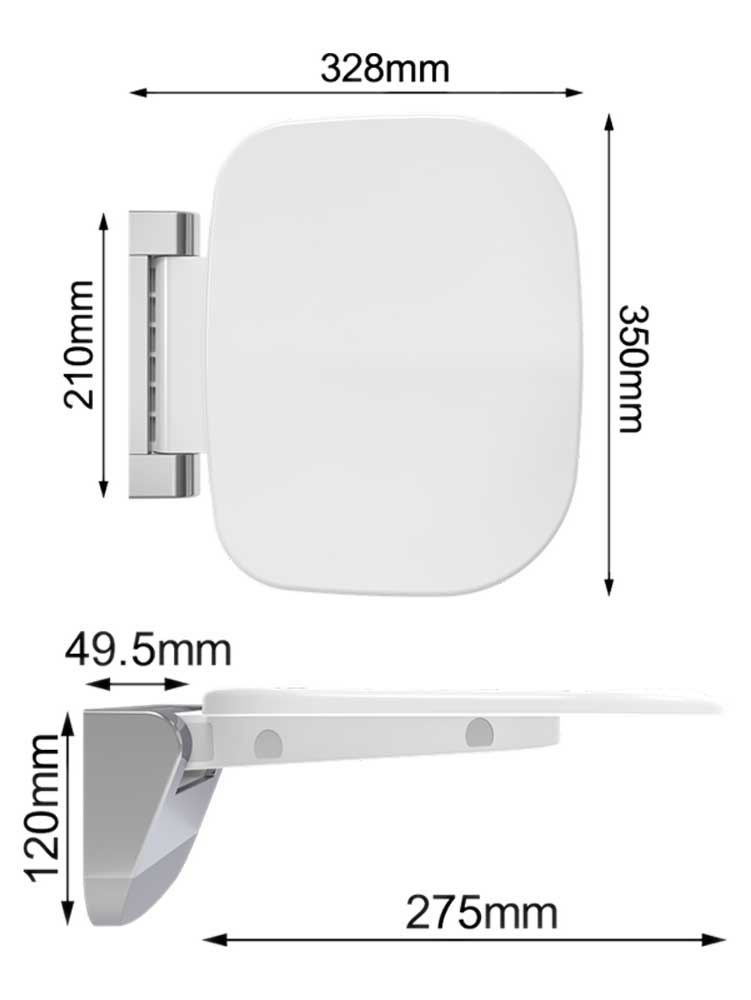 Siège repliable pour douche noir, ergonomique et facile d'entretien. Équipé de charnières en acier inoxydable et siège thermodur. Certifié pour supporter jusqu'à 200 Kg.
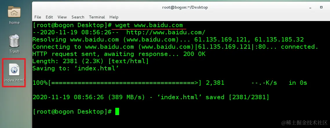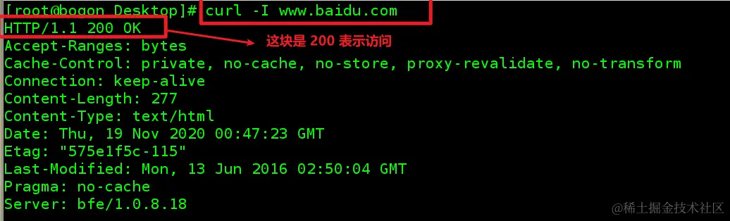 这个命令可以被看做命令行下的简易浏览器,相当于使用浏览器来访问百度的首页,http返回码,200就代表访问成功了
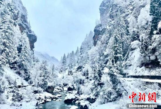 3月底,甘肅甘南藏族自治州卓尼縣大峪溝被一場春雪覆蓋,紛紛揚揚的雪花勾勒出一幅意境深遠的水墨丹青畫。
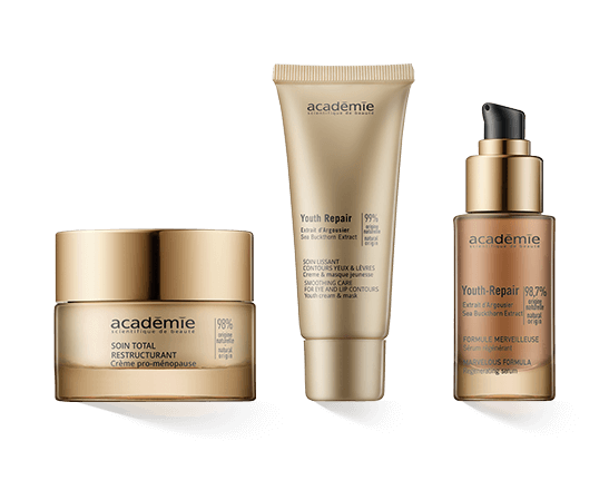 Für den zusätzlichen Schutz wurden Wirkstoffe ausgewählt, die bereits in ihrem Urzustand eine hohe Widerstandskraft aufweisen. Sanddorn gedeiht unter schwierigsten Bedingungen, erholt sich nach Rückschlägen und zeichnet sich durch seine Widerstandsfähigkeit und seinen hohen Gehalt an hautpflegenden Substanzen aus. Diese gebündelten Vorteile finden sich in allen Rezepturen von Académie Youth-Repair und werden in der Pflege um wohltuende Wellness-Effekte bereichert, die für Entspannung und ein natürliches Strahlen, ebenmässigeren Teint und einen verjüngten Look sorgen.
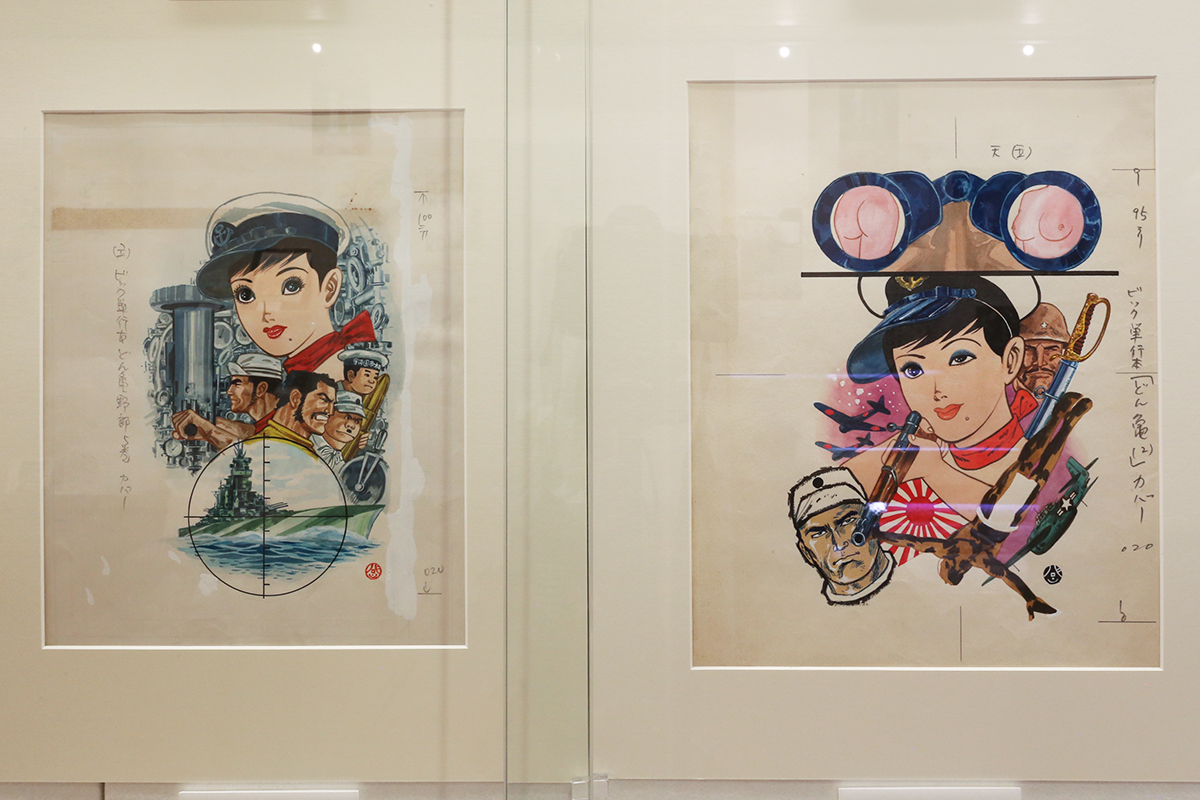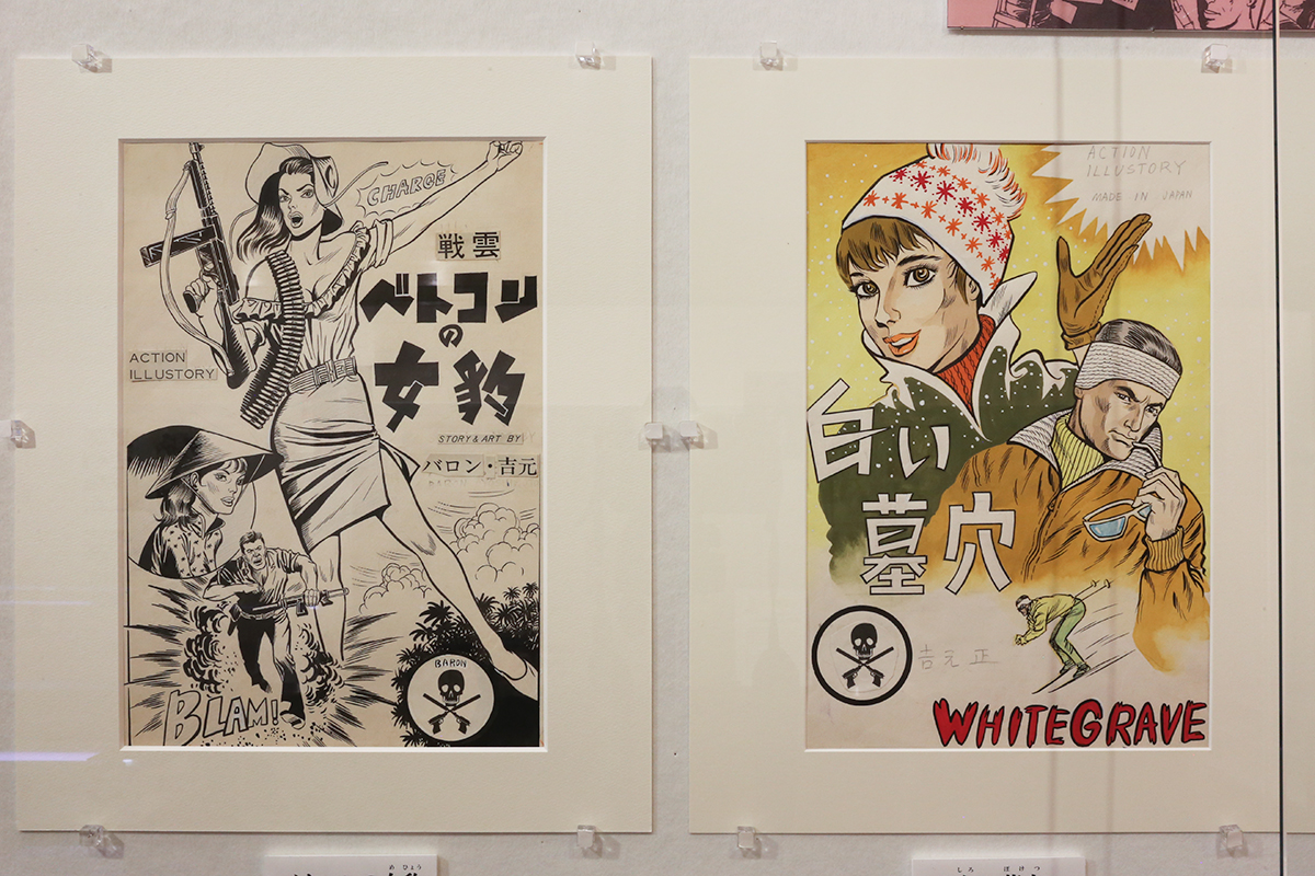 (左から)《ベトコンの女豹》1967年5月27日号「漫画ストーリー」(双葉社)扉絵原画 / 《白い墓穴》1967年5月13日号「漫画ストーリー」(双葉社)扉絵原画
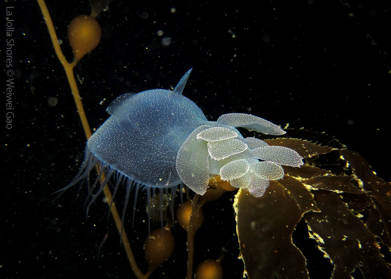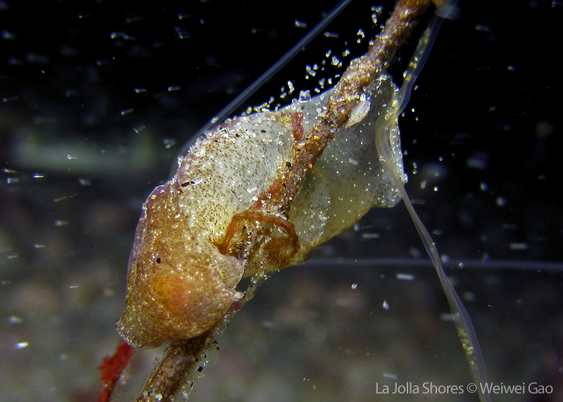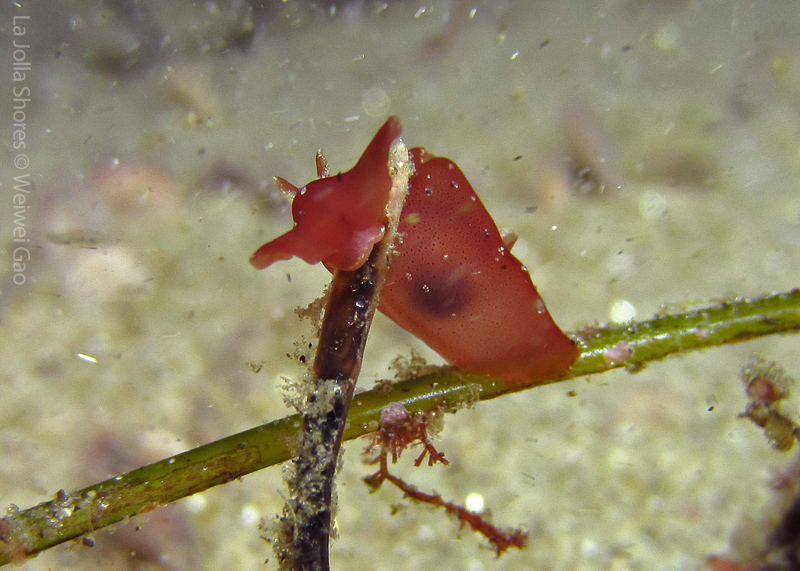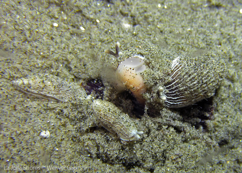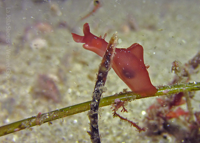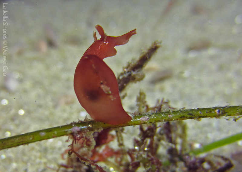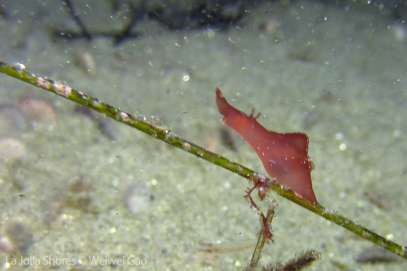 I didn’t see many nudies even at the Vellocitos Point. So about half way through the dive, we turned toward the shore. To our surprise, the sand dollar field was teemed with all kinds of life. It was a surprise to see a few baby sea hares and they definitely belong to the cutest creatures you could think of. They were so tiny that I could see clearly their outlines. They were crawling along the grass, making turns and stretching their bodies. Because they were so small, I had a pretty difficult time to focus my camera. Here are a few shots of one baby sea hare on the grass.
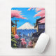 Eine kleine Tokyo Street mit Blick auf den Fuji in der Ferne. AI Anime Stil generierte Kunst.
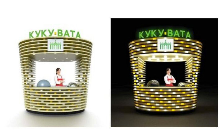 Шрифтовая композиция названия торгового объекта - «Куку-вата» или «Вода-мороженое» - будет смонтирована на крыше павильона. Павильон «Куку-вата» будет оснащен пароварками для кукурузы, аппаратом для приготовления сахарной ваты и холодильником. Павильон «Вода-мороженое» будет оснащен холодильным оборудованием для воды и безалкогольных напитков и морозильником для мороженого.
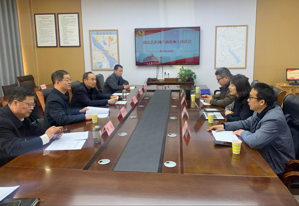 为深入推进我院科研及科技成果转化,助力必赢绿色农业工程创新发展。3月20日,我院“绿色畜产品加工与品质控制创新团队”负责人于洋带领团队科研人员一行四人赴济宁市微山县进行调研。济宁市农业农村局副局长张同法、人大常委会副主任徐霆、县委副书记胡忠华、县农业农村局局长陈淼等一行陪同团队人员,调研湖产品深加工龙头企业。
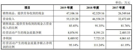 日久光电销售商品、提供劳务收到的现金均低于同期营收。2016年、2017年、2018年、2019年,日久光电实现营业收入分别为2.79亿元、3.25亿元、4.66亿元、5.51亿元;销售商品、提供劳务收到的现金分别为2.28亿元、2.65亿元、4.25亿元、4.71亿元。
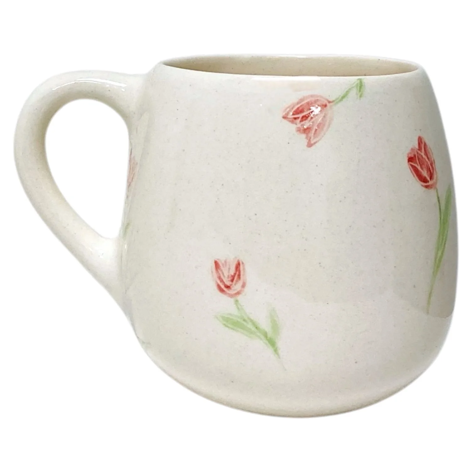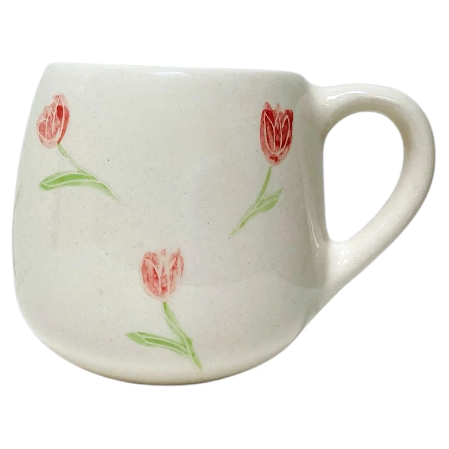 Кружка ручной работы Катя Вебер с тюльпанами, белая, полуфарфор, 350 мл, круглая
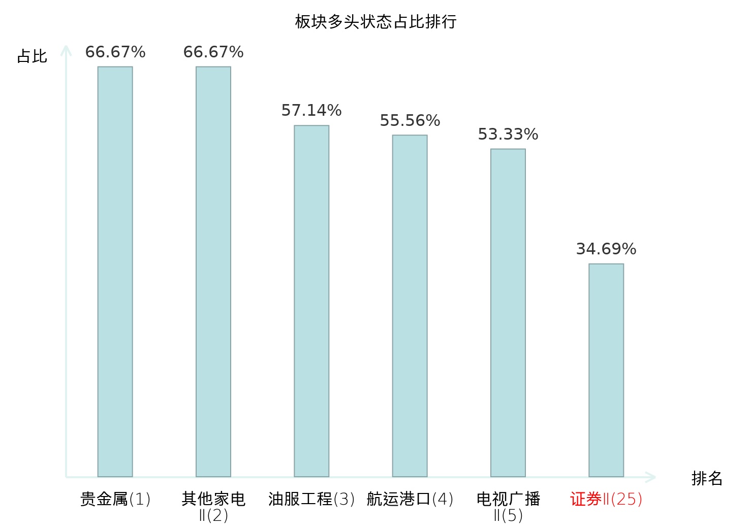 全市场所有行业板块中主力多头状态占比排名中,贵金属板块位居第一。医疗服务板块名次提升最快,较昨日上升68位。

▸ GOAL OF THE EXERCISE
Look above for the line with "日久光电销售商品、提供劳务收" and the line with "Кружка ручной работы", then restate exactly those two lines and all lines between them, with no pictures.

▸ RESPONSE BELOW
 日久光电销售商品、提供劳务收到的现金均低于同期营收。2016年、2017年、2018年、2019年,日久光电实现营业收入分别为2.79亿元、3.25亿元、4.66亿元、5.51亿元;销售商品、提供劳务收到的现金分别为2.28亿元、2.65亿元、4.25亿元、4.71亿元。
 Кружка ручной работы Катя Вебер с тюльпанами, белая, полуфарфор, 350 мл, круглая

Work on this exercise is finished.